You know how when you have a cold or an injury and it’s the only thing you can think about? How sometimes, in the case of a bone or a muscle, you can feel your pulse in that painful spot and you hear inside your head, “that hurts, that hurts, that hurts” with every beat of your heart. Then one day, after days or weeks or months, you are pain- or cold-free. You can bear weight and bend and lift with no discomfort and no limitations. You can breathe through your nose and your abs no longer ache from all the coughing you have been doing. You are ready to put the infirmary behind you, grateful, of course, but back to full speed ahead, with no time to look back at where you were with where you are now demanding all your attention.
After a few months of back and side pain, it is gone. I can breathe and sneeze without feeling as if a knife is slicing me in two. It’s no longer the focus of my every careful move or thought. But maybe it should be. We speak rather cavalierly about counting our blessings but to consciously acknowledge specific gratitude should be as prevalent as the throbbing incantation of hurt.
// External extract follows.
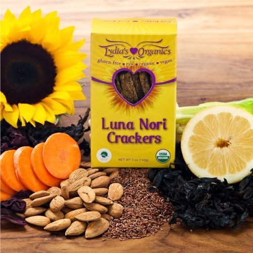 Lydia's Lovin Foods Luna Nori Crackers have a nutritious crunch with a vegetable nori flavor. This is Lydia's Best Seller! These crackers are made from vegetables, nuts, seeds, herbs, spices and sea vegetables and are grainless, gluten-free, sugar-free, oil-free and soy-free. Try these with your favorite spread like a hummus made from sprouted garbanzo beans. The nori and dulse sea vegetables provide necessary minerals beneficial to health.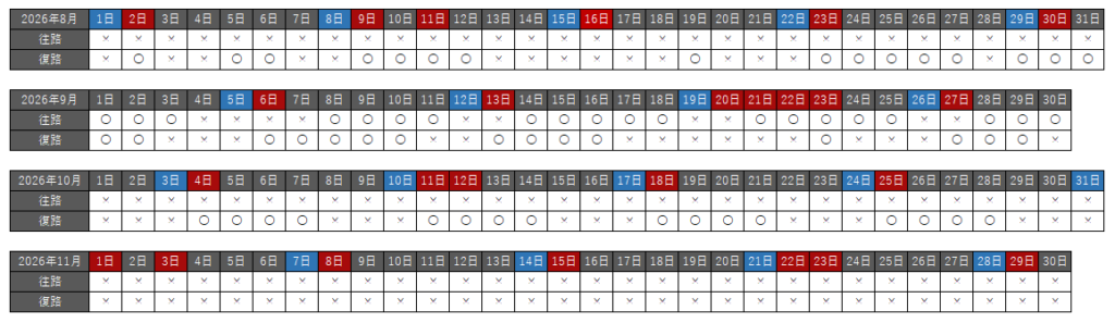 往路・復路それぞれで、空席状況を以下の種類で分けています。

After months of not being able to sleep in bed, heating pad and medication, to be rid of it all should be the only thing I am thinking about.
But we are so focused on getting back into the rat race, to get back on the human-sized hamster wheel, we pack it all up in the medicine cabinet and bathroom closet and shut the door. As I write this on the love seat where I spent so many nights, propped up by pillows into the only possible position in which sleep could be achieved, I feel deliberate appreciation. And I take a great full deep breath.